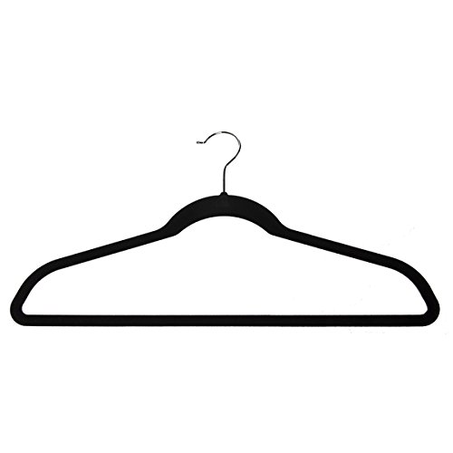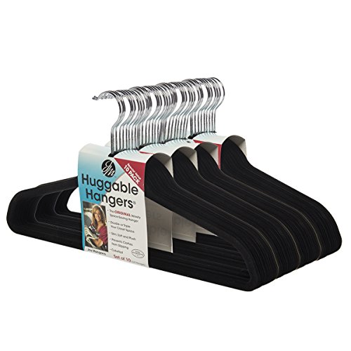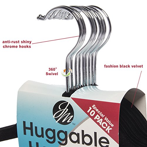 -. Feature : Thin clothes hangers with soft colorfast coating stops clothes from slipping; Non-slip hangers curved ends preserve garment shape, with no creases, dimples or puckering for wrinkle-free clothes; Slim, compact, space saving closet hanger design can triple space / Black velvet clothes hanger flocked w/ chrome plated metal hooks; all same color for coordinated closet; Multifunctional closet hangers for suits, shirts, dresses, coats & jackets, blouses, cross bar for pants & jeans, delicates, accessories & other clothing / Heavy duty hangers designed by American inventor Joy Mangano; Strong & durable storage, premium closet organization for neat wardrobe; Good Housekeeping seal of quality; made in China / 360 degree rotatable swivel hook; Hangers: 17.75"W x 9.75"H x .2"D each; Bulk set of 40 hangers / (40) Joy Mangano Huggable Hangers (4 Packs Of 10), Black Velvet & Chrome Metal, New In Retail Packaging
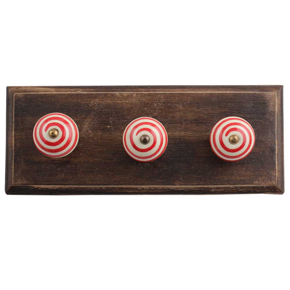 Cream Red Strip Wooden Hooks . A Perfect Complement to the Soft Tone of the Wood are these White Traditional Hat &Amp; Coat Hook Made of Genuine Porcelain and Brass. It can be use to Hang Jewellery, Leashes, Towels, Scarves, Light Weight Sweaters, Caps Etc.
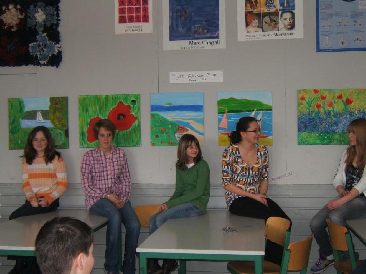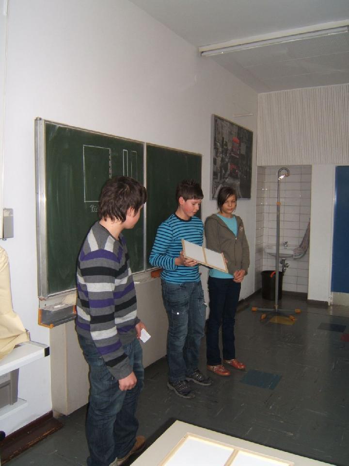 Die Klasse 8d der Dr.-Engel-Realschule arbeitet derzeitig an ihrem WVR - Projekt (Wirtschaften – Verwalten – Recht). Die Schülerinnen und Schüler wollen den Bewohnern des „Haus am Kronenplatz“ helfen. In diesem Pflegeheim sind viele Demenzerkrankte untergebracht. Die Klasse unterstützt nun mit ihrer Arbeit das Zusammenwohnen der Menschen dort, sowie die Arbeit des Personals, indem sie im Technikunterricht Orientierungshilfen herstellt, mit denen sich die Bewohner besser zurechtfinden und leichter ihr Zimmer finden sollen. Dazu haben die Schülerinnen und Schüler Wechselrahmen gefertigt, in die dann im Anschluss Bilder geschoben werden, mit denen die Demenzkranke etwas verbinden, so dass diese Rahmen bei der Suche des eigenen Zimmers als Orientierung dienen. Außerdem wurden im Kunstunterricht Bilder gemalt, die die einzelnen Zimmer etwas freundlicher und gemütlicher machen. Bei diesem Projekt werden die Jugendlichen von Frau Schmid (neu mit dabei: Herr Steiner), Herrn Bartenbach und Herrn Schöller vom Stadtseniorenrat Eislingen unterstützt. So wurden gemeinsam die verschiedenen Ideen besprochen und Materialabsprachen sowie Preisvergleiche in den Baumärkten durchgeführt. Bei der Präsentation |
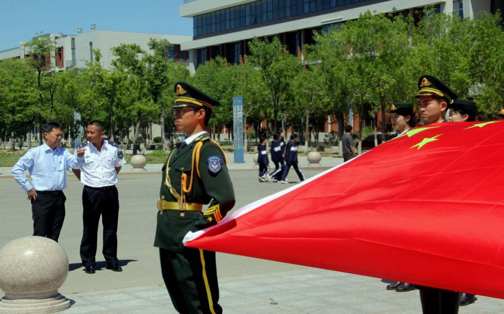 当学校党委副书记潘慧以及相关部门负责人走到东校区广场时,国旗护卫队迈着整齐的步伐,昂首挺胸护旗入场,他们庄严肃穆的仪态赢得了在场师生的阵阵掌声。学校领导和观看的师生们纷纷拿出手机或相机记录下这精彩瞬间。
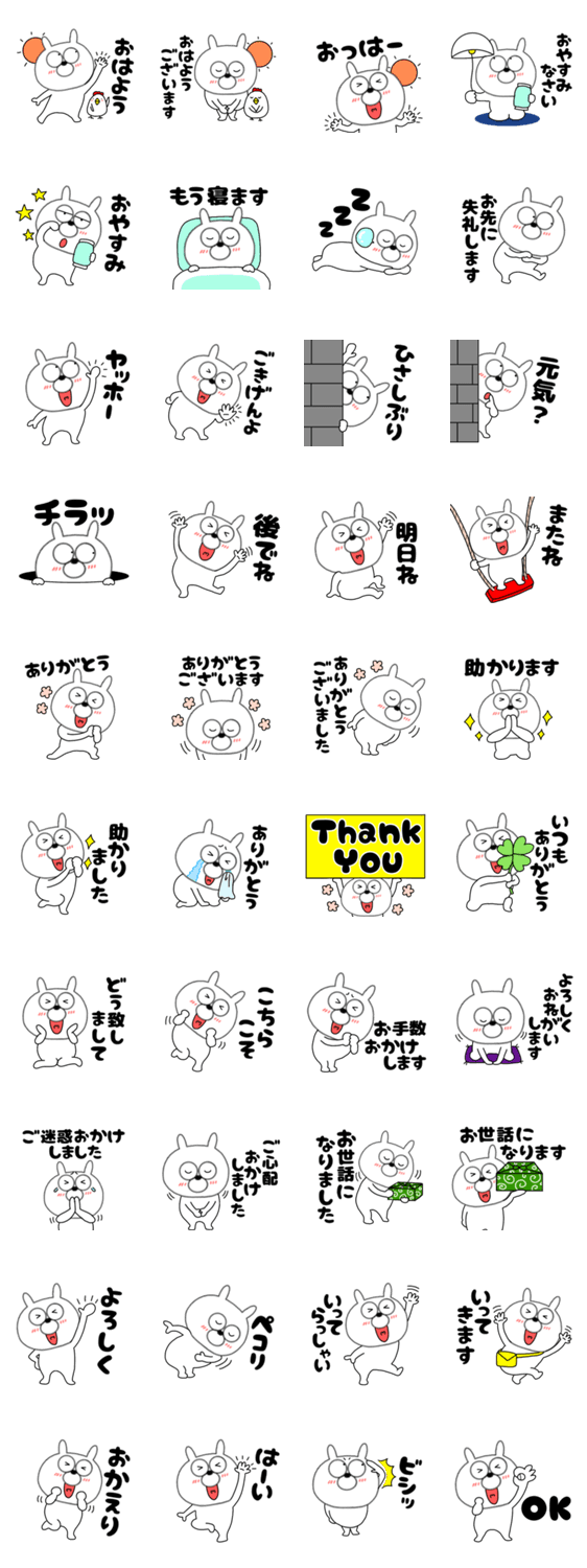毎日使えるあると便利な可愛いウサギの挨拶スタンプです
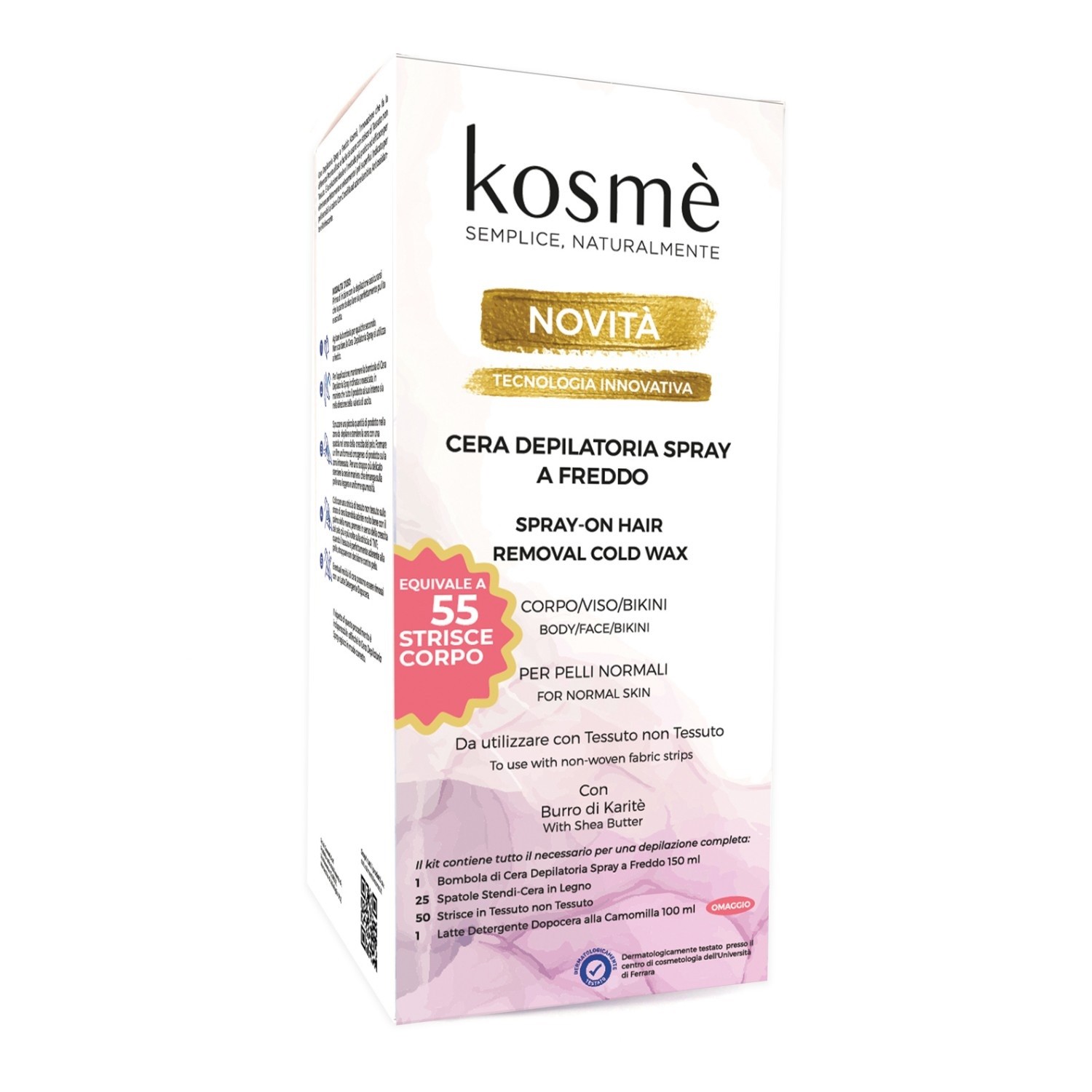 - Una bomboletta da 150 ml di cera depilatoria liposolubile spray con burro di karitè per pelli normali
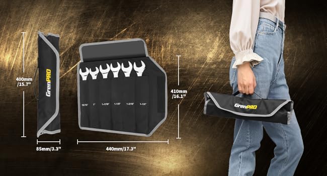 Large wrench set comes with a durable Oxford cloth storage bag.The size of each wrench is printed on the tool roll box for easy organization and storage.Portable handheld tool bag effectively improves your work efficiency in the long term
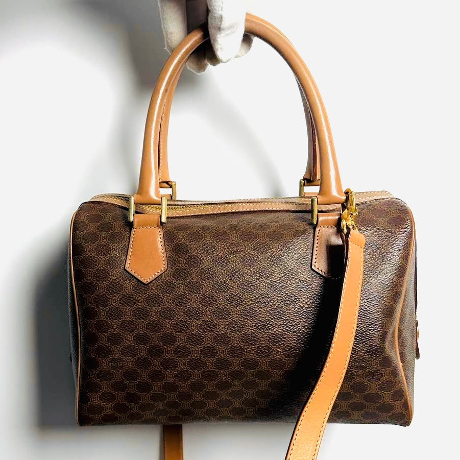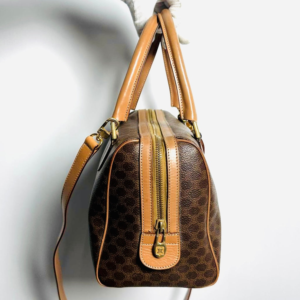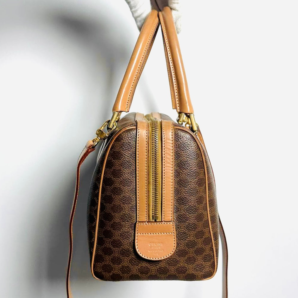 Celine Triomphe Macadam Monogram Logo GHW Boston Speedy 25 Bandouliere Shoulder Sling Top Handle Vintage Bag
= = = = = = =
What is required:
Although the records above include pictures, the copy must contain only their exact text.

Written solution:
 -. Feature : Thin clothes hangers with soft colorfast coating stops clothes from slipping; Non-slip hangers curved ends preserve garment shape, with no creases, dimples or puckering for wrinkle-free clothes; Slim, compact, space saving closet hanger design can triple space / Black velvet clothes hanger flocked w/ chrome plated metal hooks; all same color for coordinated closet; Multifunctional closet hangers for suits, shirts, dresses, coats & jackets, blouses, cross bar for pants & jeans, delicates, accessories & other clothing / Heavy duty hangers designed by American inventor Joy Mangano; Strong & durable storage, premium closet organization for neat wardrobe; Good Housekeeping seal of quality; made in China / 360 degree rotatable swivel hook; Hangers: 17.75"W x 9.75"H x .2"D each; Bulk set of 40 hangers / (40) Joy Mangano Huggable Hangers (4 Packs Of 10), Black Velvet & Chrome Metal, New In Retail Packaging
 Cream Red Strip Wooden Hooks . A Perfect Complement to the Soft Tone of the Wood are these White Traditional Hat &Amp; Coat Hook Made of Genuine Porcelain and Brass. It can be use to Hang Jewellery, Leashes, Towels, Scarves, Light Weight Sweaters, Caps Etc.
 Die Klasse 8d der Dr.-Engel-Realschule arbeitet derzeitig an ihrem WVR - Projekt (Wirtschaften – Verwalten – Recht). Die Schülerinnen und Schüler wollen den Bewohnern des „Haus am Kronenplatz“ helfen. In diesem Pflegeheim sind viele Demenzerkrankte untergebracht. Die Klasse unterstützt nun mit ihrer Arbeit das Zusammenwohnen der Menschen dort, sowie die Arbeit des Personals, indem sie im Technikunterricht Orientierungshilfen herstellt, mit denen sich die Bewohner besser zurechtfinden und leichter ihr Zimmer finden sollen. Dazu haben die Schülerinnen und Schüler Wechselrahmen gefertigt, in die dann im Anschluss Bilder geschoben werden, mit denen die Demenzkranke etwas verbinden, so dass diese Rahmen bei der Suche des eigenen Zimmers als Orientierung dienen. Außerdem wurden im Kunstunterricht Bilder gemalt, die die einzelnen Zimmer etwas freundlicher und gemütlicher machen. Bei diesem Projekt werden die Jugendlichen von Frau Schmid (neu mit dabei: Herr Steiner), Herrn Bartenbach und Herrn Schöller vom Stadtseniorenrat Eislingen unterstützt. So wurden gemeinsam die verschiedenen Ideen besprochen und Materialabsprachen sowie Preisvergleiche in den Baumärkten durchgeführt. Bei der Präsentation |
 当学校党委副书记潘慧以及相关部门负责人走到东校区广场时,国旗护卫队迈着整齐的步伐,昂首挺胸护旗入场,他们庄严肃穆的仪态赢得了在场师生的阵阵掌声。学校领导和观看的师生们纷纷拿出手机或相机记录下这精彩瞬间。
毎日使えるあると便利な可愛いウサギの挨拶スタンプです
 - Una bomboletta da 150 ml di cera depilatoria liposolubile spray con burro di karitè per pelli normali
 Large wrench set comes with a durable Oxford cloth storage bag.The size of each wrench is printed on the tool roll box for easy organization and storage.Portable handheld tool bag effectively improves your work efficiency in the long term
 Celine Triomphe Macadam Monogram Logo GHW Boston Speedy 25 Bandouliere Shoulder Sling Top Handle Vintage Bag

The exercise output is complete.